EXERCISE DESCRIPTION: Quote the material exactly from the line that contains "3月27日,在北京科兴生物制品有限公司流感疫苗生产车间,工作人员对鸡胚外观进行检查。新华社记者 张玉薇 摄" through its last line. Any pictures are to be left out.

PROVIDED MATERIAL:
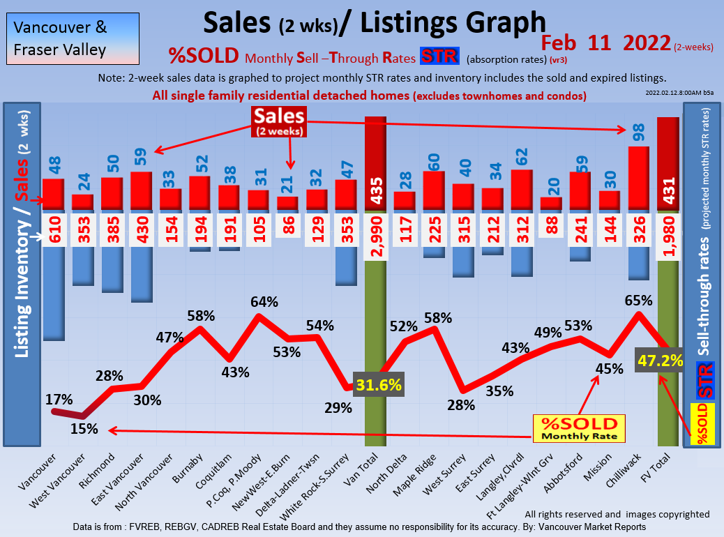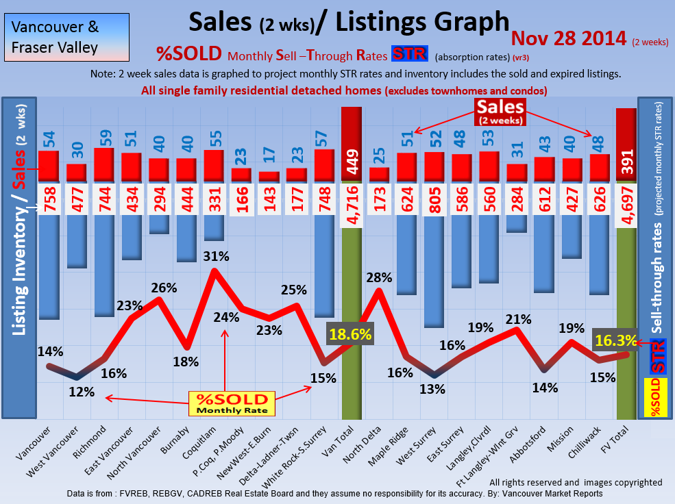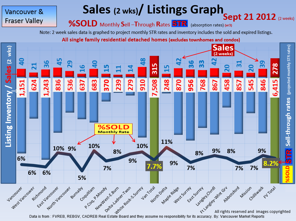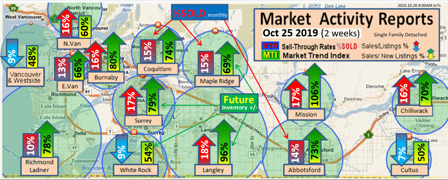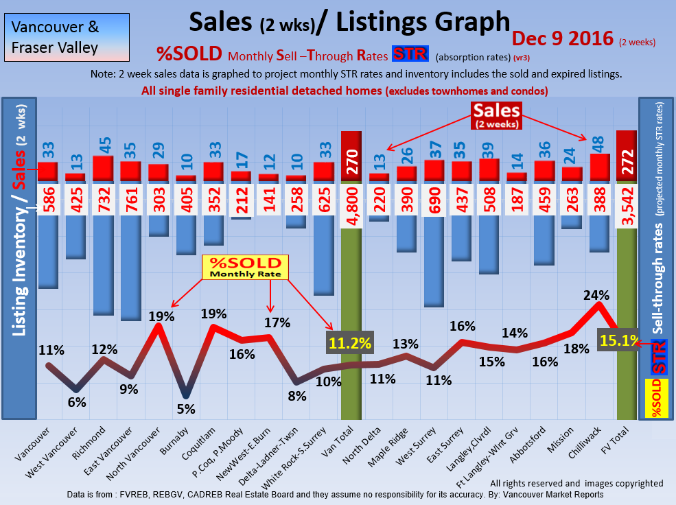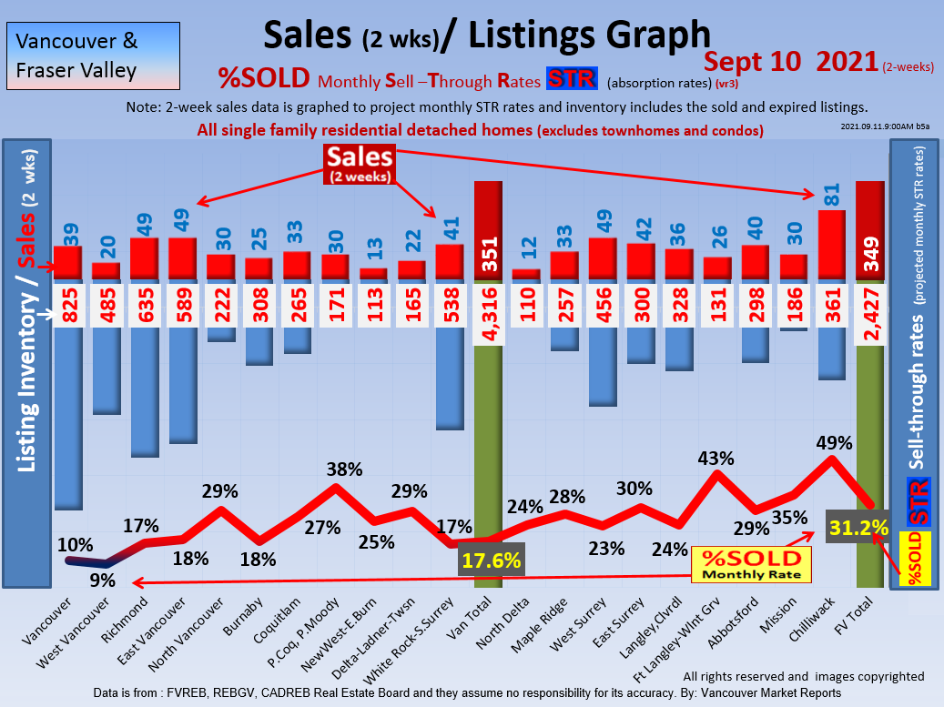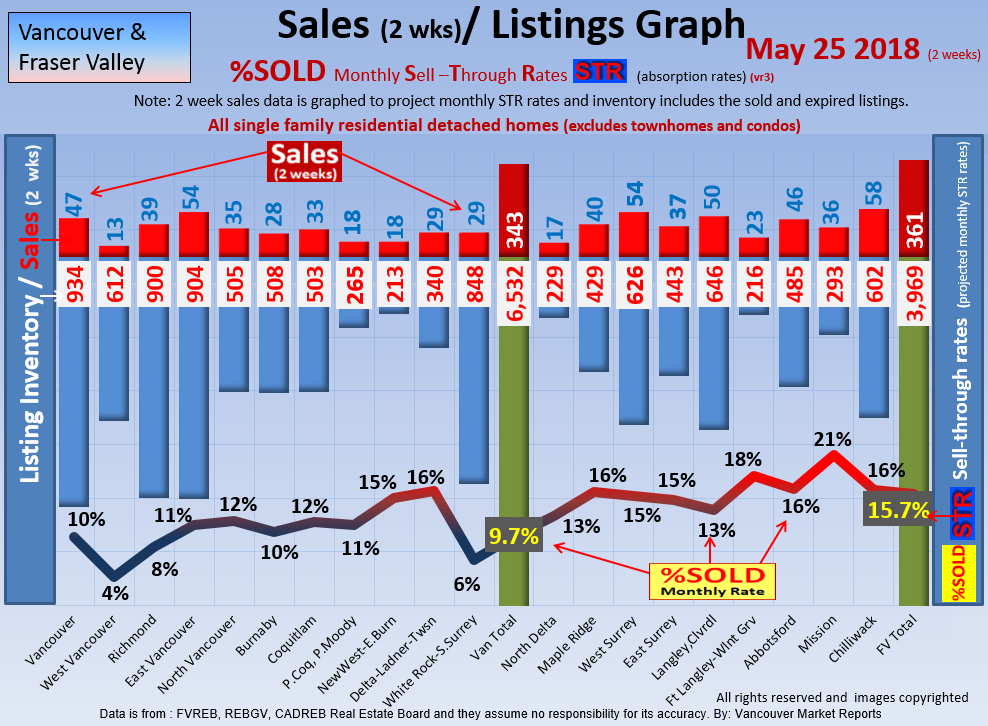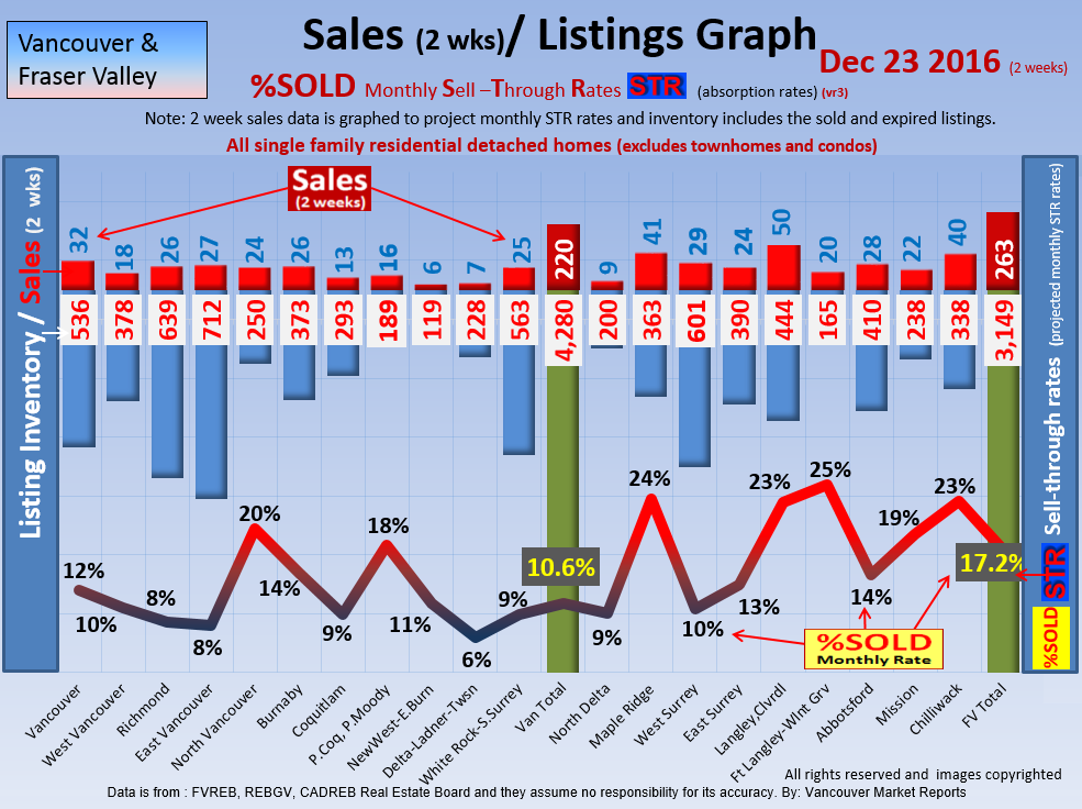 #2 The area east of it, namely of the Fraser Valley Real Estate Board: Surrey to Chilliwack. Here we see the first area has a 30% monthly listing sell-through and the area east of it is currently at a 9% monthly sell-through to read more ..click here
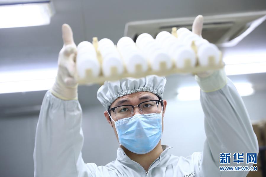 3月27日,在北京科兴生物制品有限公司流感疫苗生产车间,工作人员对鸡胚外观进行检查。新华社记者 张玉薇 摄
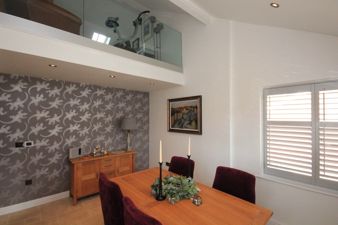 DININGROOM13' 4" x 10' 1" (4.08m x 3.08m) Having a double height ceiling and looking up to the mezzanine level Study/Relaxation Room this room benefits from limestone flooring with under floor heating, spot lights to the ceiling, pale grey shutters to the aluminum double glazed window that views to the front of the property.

ANSWER SPACE:
 3月27日,在北京科兴生物制品有限公司流感疫苗生产车间,工作人员对鸡胚外观进行检查。新华社记者 张玉薇 摄
 DININGROOM13' 4" x 10' 1" (4.08m x 3.08m) Having a double height ceiling and looking up to the mezzanine level Study/Relaxation Room this room benefits from limestone flooring with under floor heating, spot lights to the ceiling, pale grey shutters to the aluminum double glazed window that views to the front of the property.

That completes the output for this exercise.